President Ezra Taft Benson once said, "The plaguing sin of this generation is sexual immorality. This, the Prophet Joseph said, would be the source of more temptations, more buffetings, more difficulties for the elders of Israel than any other."

I stand with the Prophet Joseph on this, I feel that immorality is becoming more and more accepted. I feel that as members of the church we are fortunate because most know our standards and help us follow them. I know that in high school I was not tested with that because everyone knew my standards and knew that I would not budge on them.



Pornography 
When people view pornography, it is likely done without feeling of love, delight, generosity, consideration, sympathy, and kindness. The end result is a state of numbness, isolation, and loneliness. - Elder Maxwell 

Instant Gratification and Instant Solutions 
Over time, consumers of pornography are conditioned to believe that they are entitled to instant sexual gratification. This runs counter to the Christlike attributes of persuasion, long suffering, gentleness, meekness, love unfeigned, and kindness. 
Some of the time when times are stressful, pornography can be a "quick fix" but it only allows temporary happiness at best. 

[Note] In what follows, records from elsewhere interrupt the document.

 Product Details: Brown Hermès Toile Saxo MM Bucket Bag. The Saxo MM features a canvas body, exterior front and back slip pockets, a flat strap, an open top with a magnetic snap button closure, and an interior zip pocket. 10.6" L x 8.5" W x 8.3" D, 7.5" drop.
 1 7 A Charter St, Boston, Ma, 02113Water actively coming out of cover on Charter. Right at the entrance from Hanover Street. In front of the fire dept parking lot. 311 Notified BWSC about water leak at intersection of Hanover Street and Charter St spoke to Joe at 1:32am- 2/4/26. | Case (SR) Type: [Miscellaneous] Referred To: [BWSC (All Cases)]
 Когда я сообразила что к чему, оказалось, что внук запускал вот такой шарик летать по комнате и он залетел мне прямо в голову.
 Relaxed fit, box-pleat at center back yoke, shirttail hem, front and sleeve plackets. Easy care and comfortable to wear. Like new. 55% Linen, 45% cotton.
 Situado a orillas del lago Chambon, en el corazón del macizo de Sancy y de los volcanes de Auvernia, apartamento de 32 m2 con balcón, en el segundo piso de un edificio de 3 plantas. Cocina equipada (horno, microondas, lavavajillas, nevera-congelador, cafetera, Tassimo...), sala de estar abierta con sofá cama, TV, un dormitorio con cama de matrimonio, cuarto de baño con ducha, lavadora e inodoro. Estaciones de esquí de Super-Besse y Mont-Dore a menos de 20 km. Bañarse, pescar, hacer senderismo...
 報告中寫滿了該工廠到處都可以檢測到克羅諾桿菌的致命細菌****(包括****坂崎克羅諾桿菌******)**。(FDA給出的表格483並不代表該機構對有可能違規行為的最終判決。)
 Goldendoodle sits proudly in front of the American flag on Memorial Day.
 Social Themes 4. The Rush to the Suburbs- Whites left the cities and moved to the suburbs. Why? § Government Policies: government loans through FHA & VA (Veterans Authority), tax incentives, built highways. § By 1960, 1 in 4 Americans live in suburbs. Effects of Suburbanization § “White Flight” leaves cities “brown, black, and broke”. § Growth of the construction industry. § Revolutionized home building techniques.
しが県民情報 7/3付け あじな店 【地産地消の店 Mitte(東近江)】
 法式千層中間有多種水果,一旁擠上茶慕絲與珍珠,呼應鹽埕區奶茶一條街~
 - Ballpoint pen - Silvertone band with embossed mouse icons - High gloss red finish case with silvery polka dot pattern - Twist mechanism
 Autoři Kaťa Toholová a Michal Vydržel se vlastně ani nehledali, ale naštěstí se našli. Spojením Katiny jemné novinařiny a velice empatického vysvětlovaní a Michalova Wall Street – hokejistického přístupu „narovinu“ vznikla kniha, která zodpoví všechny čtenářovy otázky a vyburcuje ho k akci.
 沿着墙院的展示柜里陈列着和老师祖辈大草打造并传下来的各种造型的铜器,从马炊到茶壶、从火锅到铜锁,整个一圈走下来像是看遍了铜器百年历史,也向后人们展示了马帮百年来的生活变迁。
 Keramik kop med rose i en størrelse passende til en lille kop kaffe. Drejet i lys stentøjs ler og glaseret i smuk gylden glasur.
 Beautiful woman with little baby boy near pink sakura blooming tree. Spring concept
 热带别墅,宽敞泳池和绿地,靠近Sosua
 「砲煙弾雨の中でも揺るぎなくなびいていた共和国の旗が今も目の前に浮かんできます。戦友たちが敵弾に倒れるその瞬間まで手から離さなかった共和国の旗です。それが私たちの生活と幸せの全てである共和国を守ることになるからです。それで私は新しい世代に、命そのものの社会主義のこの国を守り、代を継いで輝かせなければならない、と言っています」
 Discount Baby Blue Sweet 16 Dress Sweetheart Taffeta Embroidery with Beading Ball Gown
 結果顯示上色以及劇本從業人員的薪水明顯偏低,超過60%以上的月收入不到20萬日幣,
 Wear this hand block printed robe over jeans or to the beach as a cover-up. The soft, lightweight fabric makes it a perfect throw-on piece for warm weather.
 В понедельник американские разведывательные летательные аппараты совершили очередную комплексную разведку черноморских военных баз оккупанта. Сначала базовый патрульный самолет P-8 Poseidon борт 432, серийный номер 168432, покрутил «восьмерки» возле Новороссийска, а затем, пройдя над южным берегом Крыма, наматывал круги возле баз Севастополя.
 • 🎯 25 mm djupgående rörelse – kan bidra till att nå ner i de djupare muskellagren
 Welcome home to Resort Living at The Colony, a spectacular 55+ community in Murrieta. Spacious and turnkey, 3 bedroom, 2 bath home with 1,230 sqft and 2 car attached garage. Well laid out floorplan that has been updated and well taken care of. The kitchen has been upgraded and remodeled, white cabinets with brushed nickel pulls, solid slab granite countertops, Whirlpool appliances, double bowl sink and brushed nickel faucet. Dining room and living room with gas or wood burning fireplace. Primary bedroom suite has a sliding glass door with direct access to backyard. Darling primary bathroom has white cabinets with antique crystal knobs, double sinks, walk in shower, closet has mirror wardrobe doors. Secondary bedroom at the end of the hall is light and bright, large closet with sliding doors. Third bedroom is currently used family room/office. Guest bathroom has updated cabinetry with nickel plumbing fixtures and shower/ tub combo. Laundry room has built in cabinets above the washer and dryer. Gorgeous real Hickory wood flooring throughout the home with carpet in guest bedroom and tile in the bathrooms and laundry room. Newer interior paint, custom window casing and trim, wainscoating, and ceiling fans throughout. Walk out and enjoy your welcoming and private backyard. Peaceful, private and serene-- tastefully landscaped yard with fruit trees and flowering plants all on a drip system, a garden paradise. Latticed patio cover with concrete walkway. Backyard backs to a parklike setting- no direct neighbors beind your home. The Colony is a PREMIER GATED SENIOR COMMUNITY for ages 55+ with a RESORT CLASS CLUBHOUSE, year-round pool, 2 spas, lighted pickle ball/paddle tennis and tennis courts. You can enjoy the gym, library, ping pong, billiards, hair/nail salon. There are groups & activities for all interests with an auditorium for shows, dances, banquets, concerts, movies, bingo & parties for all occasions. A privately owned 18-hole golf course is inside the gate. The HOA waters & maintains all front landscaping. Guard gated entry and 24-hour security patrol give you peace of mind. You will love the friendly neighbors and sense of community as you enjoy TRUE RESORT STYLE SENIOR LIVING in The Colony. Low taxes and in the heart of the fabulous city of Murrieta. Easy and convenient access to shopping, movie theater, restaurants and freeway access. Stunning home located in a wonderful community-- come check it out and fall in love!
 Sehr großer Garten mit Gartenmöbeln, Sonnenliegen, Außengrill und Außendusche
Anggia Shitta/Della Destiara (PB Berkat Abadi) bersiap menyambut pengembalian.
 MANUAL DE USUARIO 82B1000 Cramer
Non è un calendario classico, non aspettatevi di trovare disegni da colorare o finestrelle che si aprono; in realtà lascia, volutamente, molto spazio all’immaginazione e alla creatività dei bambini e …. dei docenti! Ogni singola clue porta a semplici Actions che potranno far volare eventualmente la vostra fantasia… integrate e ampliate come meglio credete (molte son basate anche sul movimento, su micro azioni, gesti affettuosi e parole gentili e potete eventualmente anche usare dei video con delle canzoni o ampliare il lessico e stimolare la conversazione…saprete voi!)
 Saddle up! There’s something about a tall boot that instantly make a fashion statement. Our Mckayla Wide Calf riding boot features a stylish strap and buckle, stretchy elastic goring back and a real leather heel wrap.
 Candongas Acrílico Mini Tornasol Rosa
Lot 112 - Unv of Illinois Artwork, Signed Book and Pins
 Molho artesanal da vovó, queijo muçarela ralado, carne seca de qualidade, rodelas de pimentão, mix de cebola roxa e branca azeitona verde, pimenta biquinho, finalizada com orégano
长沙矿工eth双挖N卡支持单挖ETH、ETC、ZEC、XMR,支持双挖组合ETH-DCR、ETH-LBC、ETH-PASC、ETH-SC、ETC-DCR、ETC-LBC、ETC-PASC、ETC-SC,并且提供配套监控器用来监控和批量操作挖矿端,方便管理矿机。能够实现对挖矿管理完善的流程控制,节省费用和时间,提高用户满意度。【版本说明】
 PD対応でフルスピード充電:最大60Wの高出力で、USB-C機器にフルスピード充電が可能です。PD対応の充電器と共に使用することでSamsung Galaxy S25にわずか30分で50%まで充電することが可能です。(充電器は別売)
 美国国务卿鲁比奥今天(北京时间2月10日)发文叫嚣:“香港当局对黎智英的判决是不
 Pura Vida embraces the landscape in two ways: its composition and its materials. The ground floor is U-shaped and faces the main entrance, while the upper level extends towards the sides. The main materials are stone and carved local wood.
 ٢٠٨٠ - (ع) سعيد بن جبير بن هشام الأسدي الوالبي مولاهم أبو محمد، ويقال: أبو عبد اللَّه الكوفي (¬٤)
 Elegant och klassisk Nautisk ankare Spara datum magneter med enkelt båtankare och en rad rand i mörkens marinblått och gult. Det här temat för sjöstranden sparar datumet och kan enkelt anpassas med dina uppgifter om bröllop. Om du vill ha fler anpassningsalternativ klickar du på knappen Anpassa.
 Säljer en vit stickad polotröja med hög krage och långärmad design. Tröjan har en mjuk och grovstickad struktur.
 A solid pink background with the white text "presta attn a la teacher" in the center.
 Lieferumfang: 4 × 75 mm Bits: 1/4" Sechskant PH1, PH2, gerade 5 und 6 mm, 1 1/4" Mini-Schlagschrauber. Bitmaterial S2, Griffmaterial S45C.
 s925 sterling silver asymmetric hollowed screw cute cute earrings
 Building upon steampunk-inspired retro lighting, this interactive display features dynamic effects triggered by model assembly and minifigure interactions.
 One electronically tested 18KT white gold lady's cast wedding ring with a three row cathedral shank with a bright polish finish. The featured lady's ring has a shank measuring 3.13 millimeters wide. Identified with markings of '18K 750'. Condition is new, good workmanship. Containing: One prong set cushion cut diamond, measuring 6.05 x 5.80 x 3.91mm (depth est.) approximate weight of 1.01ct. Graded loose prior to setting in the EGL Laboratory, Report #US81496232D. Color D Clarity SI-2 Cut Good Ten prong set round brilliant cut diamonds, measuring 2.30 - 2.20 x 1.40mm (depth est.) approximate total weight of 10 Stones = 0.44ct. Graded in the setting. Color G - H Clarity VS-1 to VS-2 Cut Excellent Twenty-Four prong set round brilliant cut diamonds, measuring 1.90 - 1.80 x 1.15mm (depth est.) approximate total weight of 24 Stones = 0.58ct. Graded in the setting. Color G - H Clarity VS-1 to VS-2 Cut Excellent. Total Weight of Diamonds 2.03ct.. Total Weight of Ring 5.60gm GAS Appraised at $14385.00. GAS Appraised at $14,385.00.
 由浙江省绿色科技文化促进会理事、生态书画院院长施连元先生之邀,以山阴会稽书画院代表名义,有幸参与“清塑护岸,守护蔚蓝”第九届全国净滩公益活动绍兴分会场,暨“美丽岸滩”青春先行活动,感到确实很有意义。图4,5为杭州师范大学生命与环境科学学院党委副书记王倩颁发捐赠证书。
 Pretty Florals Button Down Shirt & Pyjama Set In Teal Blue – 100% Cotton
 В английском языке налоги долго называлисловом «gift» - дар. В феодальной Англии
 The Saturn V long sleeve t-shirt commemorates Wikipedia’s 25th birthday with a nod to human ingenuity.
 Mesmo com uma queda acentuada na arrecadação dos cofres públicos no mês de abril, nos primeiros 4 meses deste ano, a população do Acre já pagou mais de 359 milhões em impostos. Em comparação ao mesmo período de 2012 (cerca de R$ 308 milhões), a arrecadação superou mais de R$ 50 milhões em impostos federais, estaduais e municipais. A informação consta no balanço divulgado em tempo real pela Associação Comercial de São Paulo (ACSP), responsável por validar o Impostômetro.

Steps to Repairing Marriage after Infidelity
Step #1 Rebuild Trust 
   Becoming Accountable, taking responsibility for your actions 
   Establishing Boundaries, to rebuild trust there will have to be boundaries set.
   Rebuilding the Trust Bank Account, Rebuilding trust takes time, and progress typically is made only in small steps. Trust is often like a bank account, at the beginning of the marriage the bank account is full, but if infidelity occurs the bank account is wiped out. The bank account will need to be rebuilt by making large and small deposits repeatedly over a period of time. 

Step # 2 Gain Perspective 
   The next step is for both partners to understand how the infidelity came about, exploring aspects of the marriage that made it more susceptible to infidelity. Gaining a better perspective also includes realizing that one person is not responsible for the sins of another. 

Step #3 Repentance and Forgiveness 
   Confession- We need to be humble enough to confess and want help for our sins.
   Forsaking Sin- Elder Scott says: "Decide to stop what you are doing that is wrong. Then search out everything in your life that feeds the habit, such as negative thoughts, unwholesome environments, and you companions in mischief." 
   Finding Forgiveness- "He that has committed adultery and repents with all his heart, and forsaketh it, and doeth it no more, thou shalt forgive" (D&C 42:25) President Kimball says, "In the matter of sexual sin and adultery... repentance is sufficiently all-out and total." 
   Forgiving an Unfaithful Spouse- Forgiveness is difficult because it requires letting go of the role of victim and its benefits. But while vengeance may feel satisfying in the short run, it will keep the injured spouse stuck in the past. We need to forgive them, and realize that they repented and it is remembered no more.

Step #4 Overcoming Addiction
   When infidelity has occurred in the form of a visual affair, it is important to realize that it is not simply a bad habit, but more similar to an illness. Many times counseling by a professional may be needed. 

Step #5 Making the Choice to Stay Together 
   When a couple chooses to stay together, Snyder and colleagues emphasize that this means the choice is also being made to commit to, strengthen, and maintain the relationship. They offer these suggestions about moving on together. 
  Healing the Past, discussing hard feelings to each other in a caring way may be the most critical step for hurt feelings to be healed. 
   Strengthening the Present, instead of trying to get back to where they were, a couple should focus on making the most of where they are. They should make efforts to reduce conflict and create opportunities for intimacy and joy.
   Enriching the Future, Couples should discuss their dreams of moving forward together and what they are willing to do to make those dreams a reality. 

All of these quotes and information was taken out of the book. "Successful Marriages and Families."